Figure 5 shows that we are not yet increasing the rate of companies going public compared to 2022 and 2023. The crossover conveyor belt is churning somewhat slowly. The window has always been open and remains open for select companies, but its narrow aperture is likely driving more interest in partnerships and M&A as IPO alternatives.

It is worth noting that, at $367B in combined market cap, those 593 companies currently in the Universe are slightly more valuable than the $351B combined market cap of the 599 companies at the start of the year. Biotech continues to distill to a more valuable essence, which is why we think the crossover conveyor will pick up speed eventually.

Figure 5: How Private Companies Went Public

As you see in Figure 5, only 13 private R&D‑stage biotech companies went public in the first half of 2024, on pace for roughly the same as in 2022 and 2023, though we expect this pace to accelerate in 2H24 and that we’ll end 2024 above the 2022 rate even if below 2021. Source: Factset; RA Capital.

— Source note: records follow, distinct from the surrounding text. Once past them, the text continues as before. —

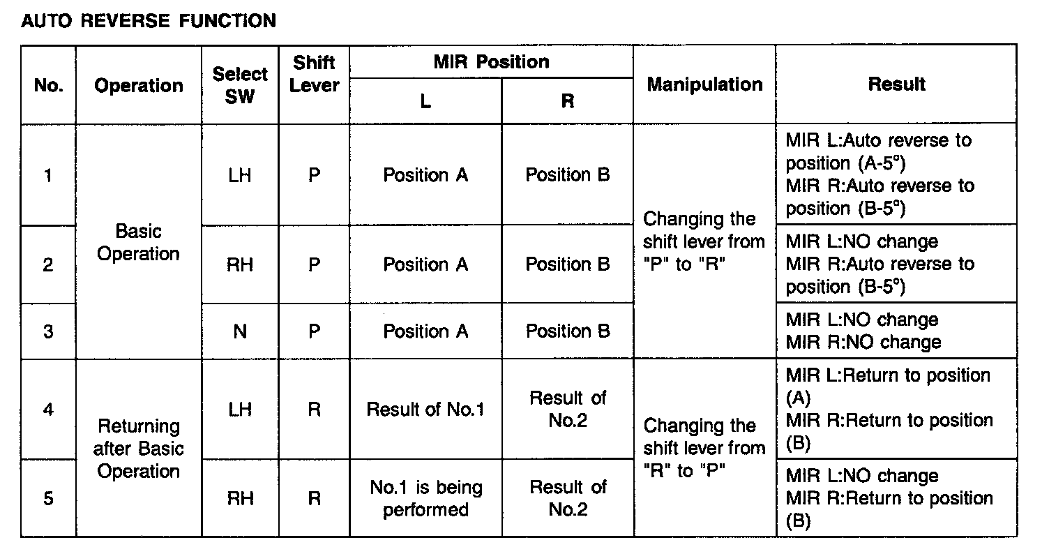 7. Out side mirror AUTO reverse operation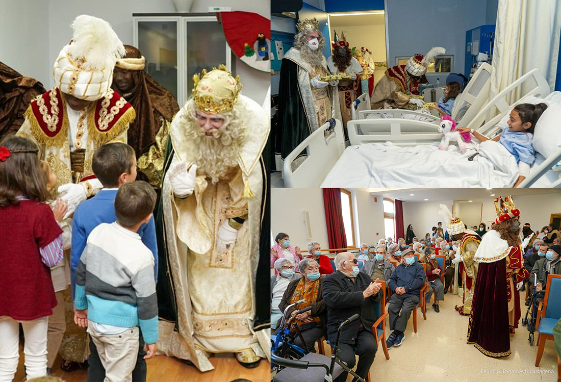 El 'caminito' de Melchor, Gaspar y Baltasar por la ciudad de Cartagena esta mañana se ha iniciado con una visita a los niños del hogar de la infancia, para después pasar un ratico con los mayores del 'Asilo de los pobres' del Barrio de la Concepción y de ahí dirigirse al área infantil del hospital de Santa Lucía. GALERÍA DE FOTOS (pinchar aquí)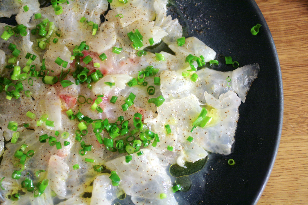 真鯛のさくは斜めに2mm厚のそぎ切りにし、塩、胡椒、レモン。オリーブオイルを回しかけて、小ねぎを散らす。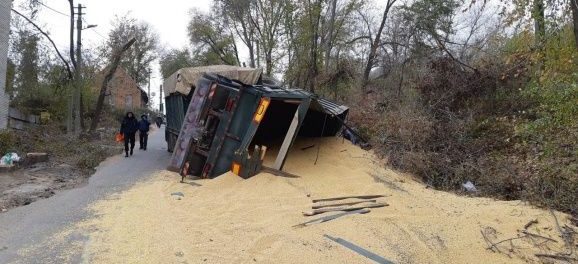 Напомним: В Запорожье на Верхней Хортицеперевернулся грузовик с соей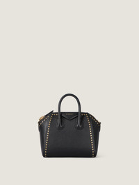 - Mini bag in Box calfskin leather with studs. - Antigona line. - Zipped closure. - Hand or crossbody carrying. - Leather handles. - Adjustable and removable leather shoulder strap. - Pentagonal patch with golden embossed GIVENCHY signature. - Golden-finish metal details. - One main compartment with two flat pockets and one zippered pocket inside.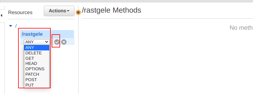 Şimdi aynı action menüsünden create method ile bir method oluşturalım, GET methodunu seçelim ve yanındaki tik işaretine tıklayalım.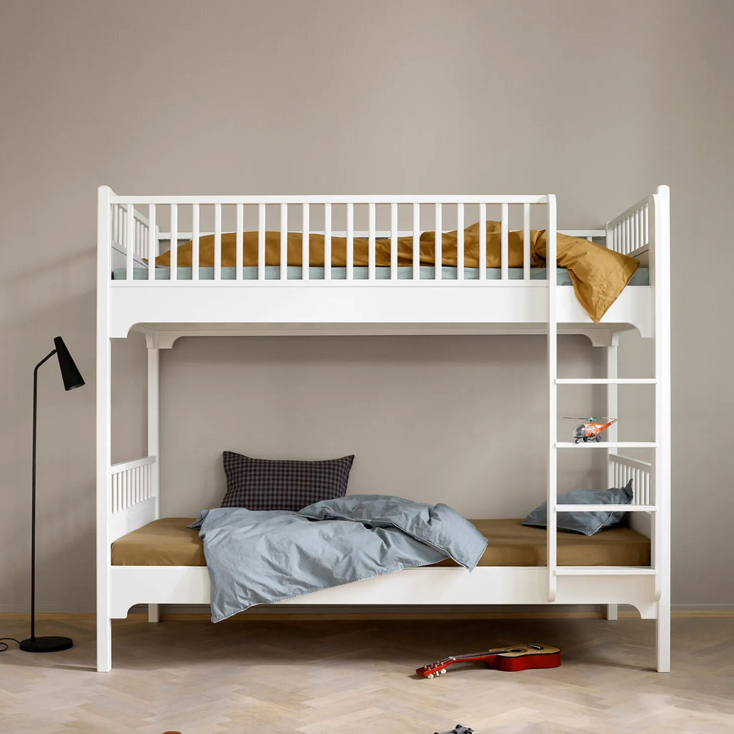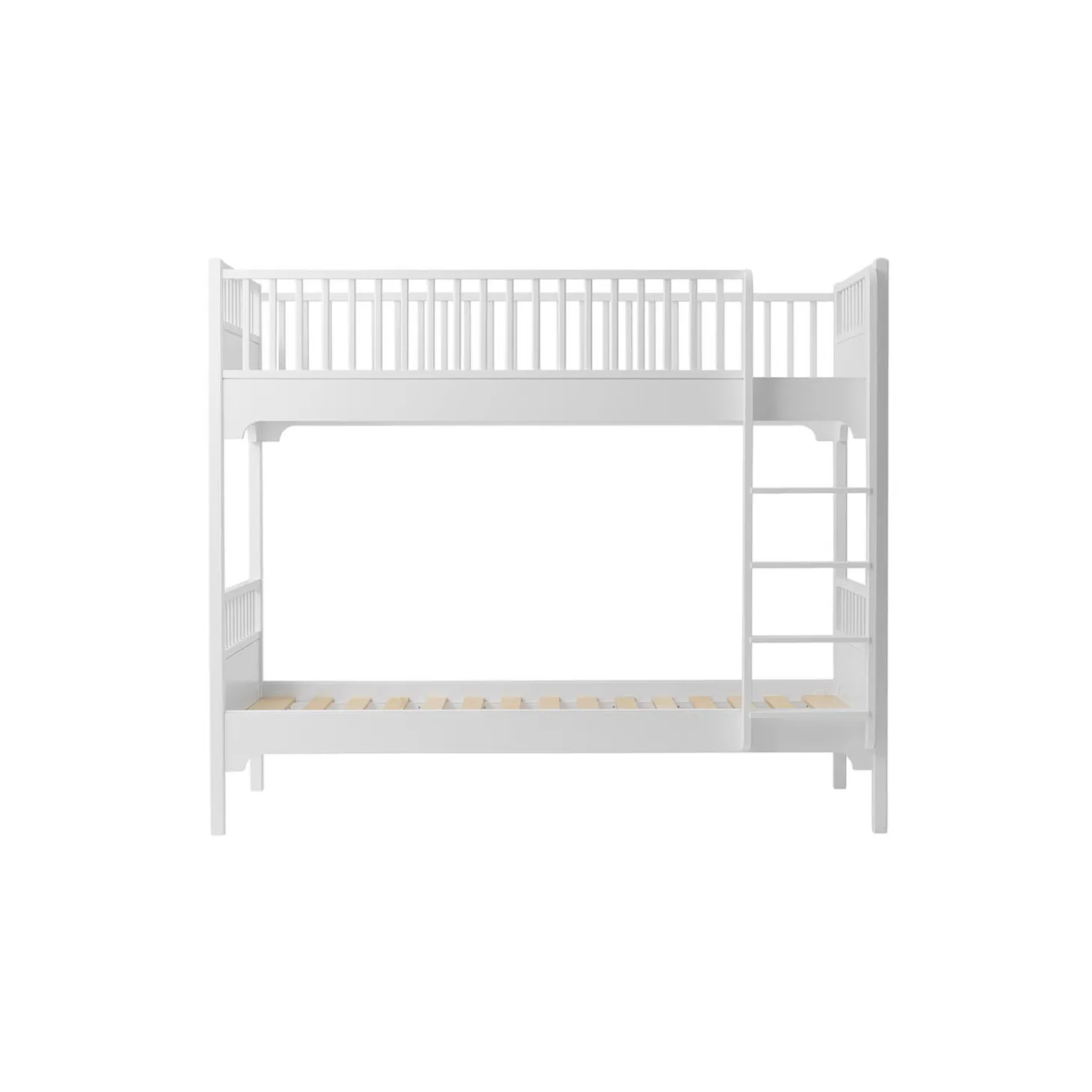 Smuk køjeseng med mange, praktiske løsninger. Her er sengen til børneværelset, hvor der er brug for lidt ekstra plads og lidt ekstra opbevaring.Den lige stige giver plads til en skuffe under sengen til ekstra opbevaring. Sengen kan udstyres med en udtræksseng, så legekammeraten let kan overnatte – ellers hvis mor skal være helt tæt på.Køjesengen fylder mindre i bredden end Seaside Classic køjesengen med skrå stige, da stigen er lodret. Det giver mere plads på børneværelset.Trinene på stigen er brede, så barnet let og sikkert kan komme op og ned. Stigen kan valgfrit placeres i enten venstre eller højre side.Køjesengen er en del af Seaside Classic serien, der er designet i en fin og nordisk stil. Små, enkle detaljer fx langs tremmerne understreger det tidløse design, der passer ind i de fleste hjem.Seaside Classic serien er fremstillet af birketræ og MDF, der er konstrueret træ, der består af 60% birk, 20% fyrretræ og 20% asp træ. MDF er meget stærkt og holdbart.De ikke-synlige skruer giver sengen et rent og eksklusivt design og er særligt kendetegnende for Oliver Furniture. Designet er let og fint og holder fra generation til generation.Serien er produceret i Europa og overholder de strenge EU-krav for sikkerhed og sundhed. Produkterne er malet med ikke-giftig, vandbaseret maling.Bæreevne (statisk vægt): 120 kg SIKKERHED OG KRAVI henhold til EN 747 er højsenge og den øverste seng i køjesenge ikke egnet til børn under 6 år på grund af risikoen for fald.Et mindre barn kan sove i den nederste køjeseng, eventuelt med en sengehest for ekstra sikkerhed.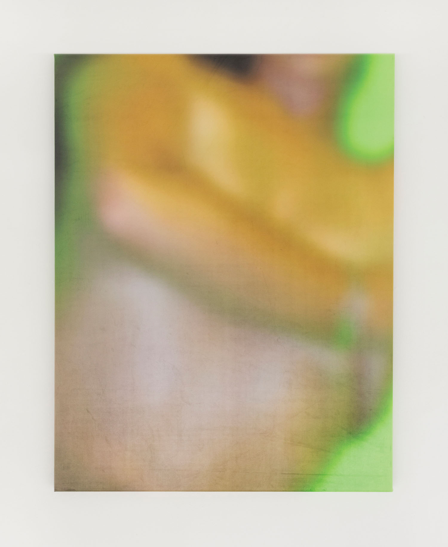 Works on synthetic suede are hung in large window-pane shapes on the walls opening up our big white box to views of the outside world. Mimicking loading images in new browser windows, the paintings look like they are still rendering, about to snap into focus for a view of the tantalizing outdoors. Perpetually blurred, super saturated dye-transfer prints mimic screenic color, glow and intensity while being tactile, soft and fuzzy physical objects. Many works look like the sky or trees, bodies in motion, people and plants, suggestively out of focus.
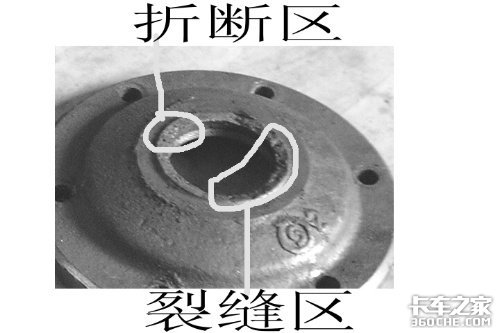 发动机在工作状态下曲轴一般向前端窜动的概率要大一些,在上坡的工况下曲轴靠重力向后端窜动,但如果车辆经常在坡路上行驶;特别是下坡行驶中强行减档或因为重载在起步的时候猛抬离合器,都容易导致曲轴止推片的后片出现冲击负荷过大而严重磨损。此事故中因为车辆在曲轴止推片脱落的情况下继续行驶,导致飞轮的导向轴承损坏,并因为导向轴承损坏后导致一轴出现径向跳动、轴向窜动,致使一轴盖、分离轴承座出现断裂。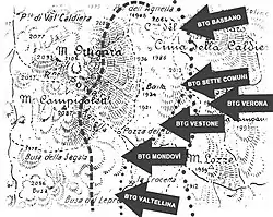 - Dans la nuit, les bataillons "Tirano" et "Spluga" montent jusqu'à l'altitude de 2 101 "Lepozze", mais subissent de lourdes pertes lors de la traversée du Vallone della Morte, éclairé pour l'occasion par des fusées éclairantes ennemies. Voir: Pieropan 2009, p. 306.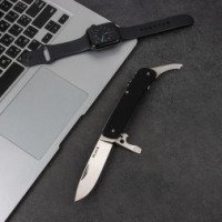 Ruike L21 – это один из складных ножей молодого, но уже хорошо известного бренда Ruike. Он адресован всем активным людям, которые часто выезжают на природу для отдыха или занятий спортом. Главным преимуществом данной модели является компактность, которая совершенно не снижает практичность ножа. Ruike L21 наделен 12 функциями, которые детально описаны в инструкции, составленной производителями. Но все же, его главным инструментом является именно нож. Длина лезвия складного ножа составляет 85 мм. Оно имеет форму drop-point – универсальную разновидность, которая позволяет одинаково легко резать ножом и колоть. К тому же, заточено лезвие тоже универсальным способом – ровно по всей его длине. Толщина клинка Ruike L21 составляет 3 мм. Нож сделан из стали 12С27, которая относится к числу нержавеющих сплавов. Этот тщательно сбалансированный металл характеризуется большой твердостью (до 59 HRC), что позволяет ножам долго оставаться острыми даже при интенсивном использовании. Из такого же металла сделаны и все другие инструменты данной модели. Из спинки рукоятки достается штопор, а параллельно ножу размещен многофункциональный инструмент с функциями плоской отвертки, открывалки для бутылок, приспособлениями для зачистки проводов разного диаметра. Как и лезвие ножа, этот инструмент достается при помощи насечки на стальной пластине, которую можно поддеть ногтем. Помимо этого, с обратно1 стороны рукоятки достается инструмент для разрезания ремней и строп, который также может послужить маленькой прямой отверткой. В торцевую часть рукоятки встроено небольшое поворотное кольцо, в которое можно продеть темляк. Кроме того, здесь же находится стеклобой. Рядом с последними двумя инструментами хранится пинцет, который плотно размещается внутри рукоятки, однако может использоваться как совершенно самостоятельный инструмент.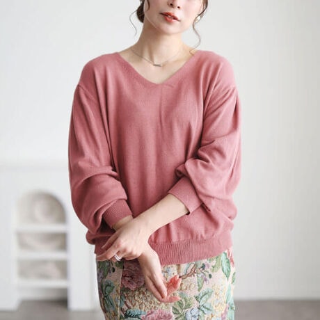 愛され華奢感をつくりだすVネックボリューム袖ハイゲージニット。オンオフ使えて着まわし力抜群のシンプルさ◎体型を拾わない身幅、ゆとりのある脇ぐり・ぽわん袖で窮屈感なく着用していただけます♪ぼわんっとした丸みが愛らしいボリューム袖がシンプルな装いに女性らしさを演出◎袖山のタックデザインが立体感をつくり自然に二の腕をカバー☆袖口と裾の切り替えが装いにメリハリをつけ着こなしをワンランクUPしてくれます!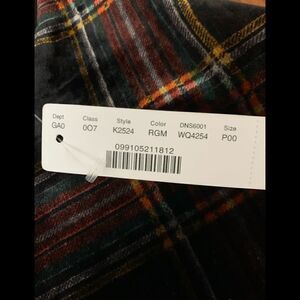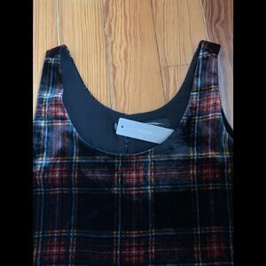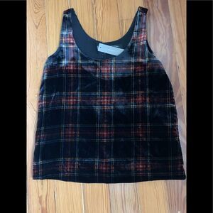 New with tags. Dark tartan plaid velvet top. Button closure on back. Size 00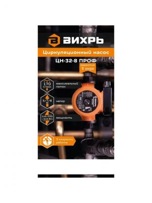 Насос циркуляционный, Вихрь, 2 '', 245 Вт, максимальный напор 8 м, 7.8 м3/ч, Проф ЦН-32-8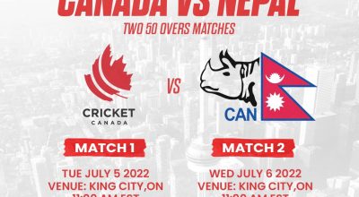 नेपाली राष्ट्रिय क्रिकेट टिम र क्यानडाबीच हुन लागेकाे दुई एकदिवसीय क्रिकेट श्रृंखलाको मिति एक दिन पर धकेलिएको छ । नेपाल क्रिकेट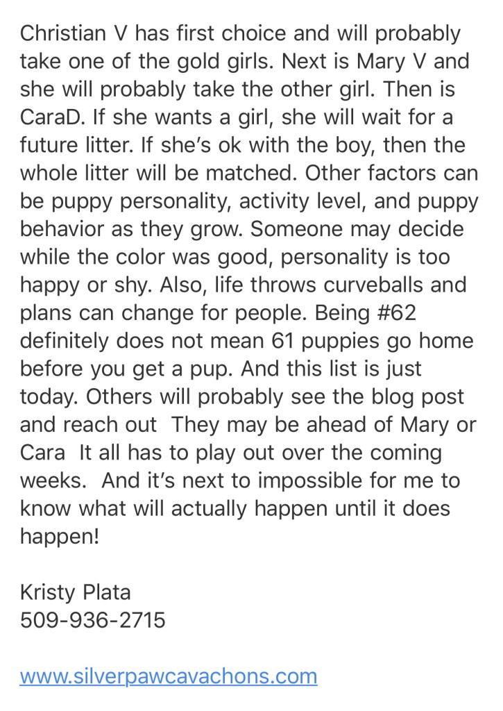 So, I wanted to share this to emphasize again that it’s very difficult for me to know how long things will take and whether there are puppies available because there are so many moving parts to all of this. If Cara wants a girl, but they’re both selected, then suddenly we’re talking to Joey at #55 yet he is the 4th person I’m talking to on the Litter List. And at this point, nobody should get their heart set on anything because it’s only been a few hours since I shared the first photos and likely there will be several others that will emerge from the woodwork of the waiting list.

As I mentioned earlier, improved macro conditions have already lifted the biotech sector in July. We see continued M&A boosting Core biotech returns and the prospects of the industry’s strategic buyers, who are obliged to run just as fast as they can to stay in the same place on the patent treadmill (now backstopped by the IRA’s price controls) and to run faster still if they are to get ahead. Quite a few companies are eager to IPO, some of which I think will be greeted warmly by the public markets (I can at least speak for our team). And underlying all of that will be the continued pace of scientific progress, which has been astounding these last few years. Ultimately, it’s that scientific progress that I think makes biotech nearly irrepressible. 

So while this 1H24 update doesn’t look all that dynamic, I think that the year-end Semper Maior issue will more clearly reflect that Core biotech is experiencing a strong fundamental recovery.